+++ Data supplied

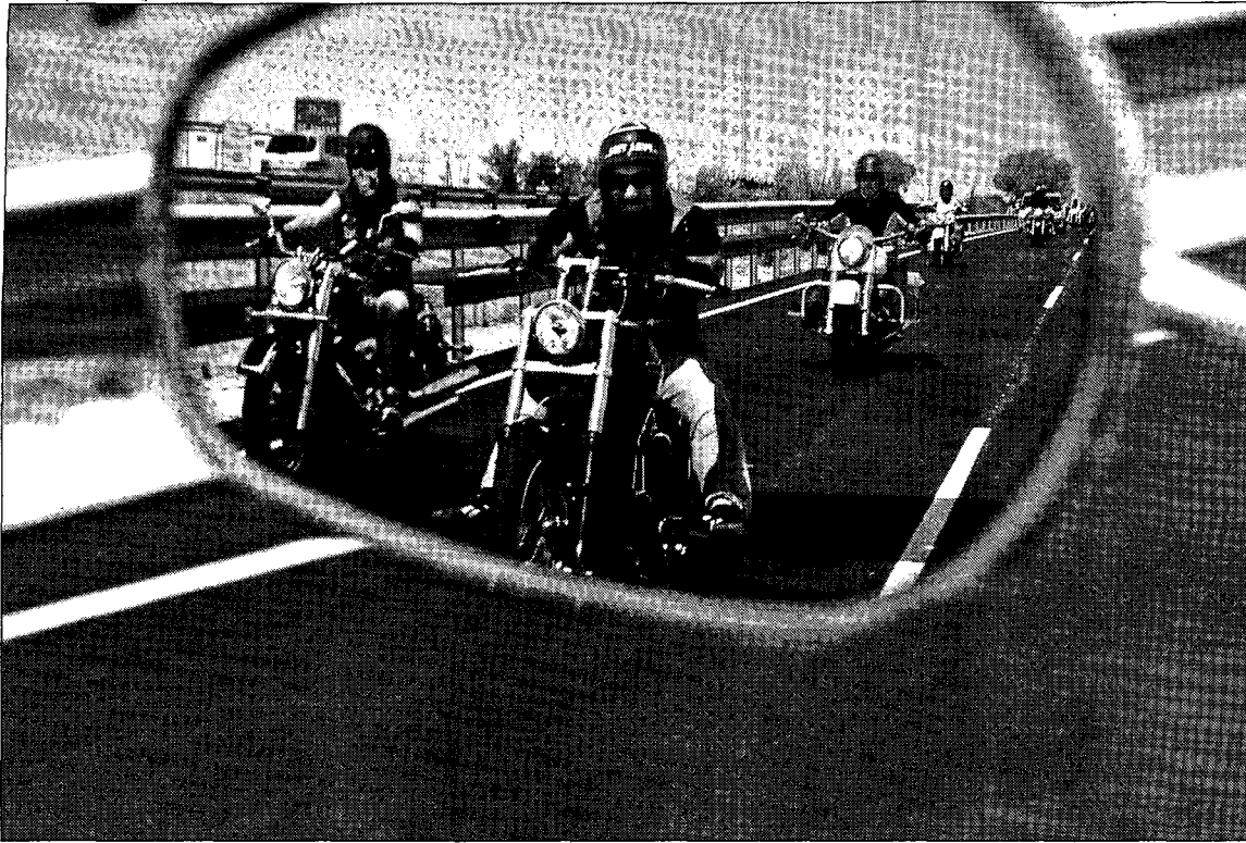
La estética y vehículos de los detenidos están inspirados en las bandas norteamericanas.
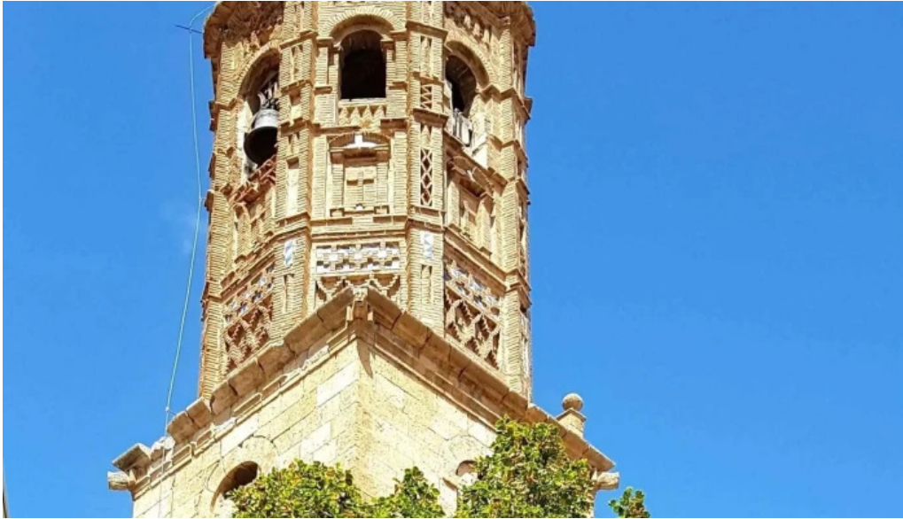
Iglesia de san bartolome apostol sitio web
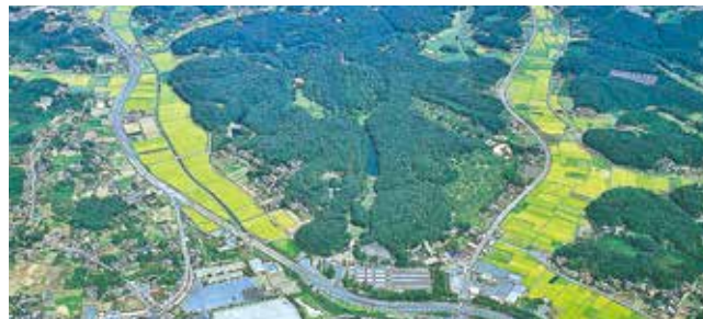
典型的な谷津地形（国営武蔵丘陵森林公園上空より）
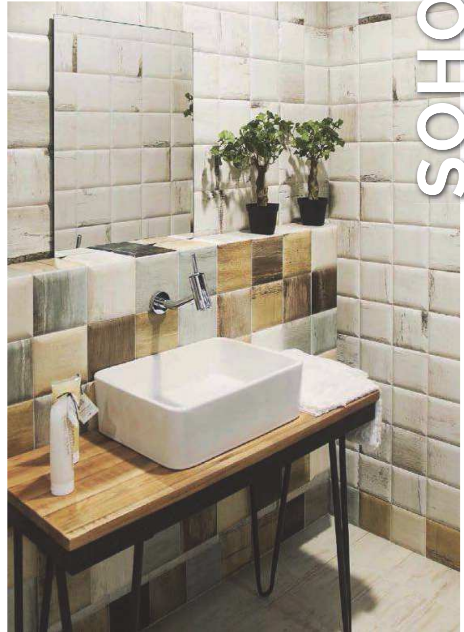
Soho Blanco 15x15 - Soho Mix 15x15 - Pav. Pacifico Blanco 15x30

++++++
+++ Data supplied

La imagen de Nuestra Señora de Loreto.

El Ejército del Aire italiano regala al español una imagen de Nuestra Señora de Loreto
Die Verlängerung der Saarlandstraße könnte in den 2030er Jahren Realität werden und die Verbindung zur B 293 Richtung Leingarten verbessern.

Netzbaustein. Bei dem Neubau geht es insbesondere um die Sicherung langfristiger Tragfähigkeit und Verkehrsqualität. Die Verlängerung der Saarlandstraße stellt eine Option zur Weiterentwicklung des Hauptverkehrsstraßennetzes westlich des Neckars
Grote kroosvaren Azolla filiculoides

++++++

_Assignment_: Scan the material above. Return every line containing the string "imagen".

_Response below_:
La imagen de Nuestra Señora de Loreto.
El Ejército del Aire italiano regala al español una imagen de Nuestra Señora de Loreto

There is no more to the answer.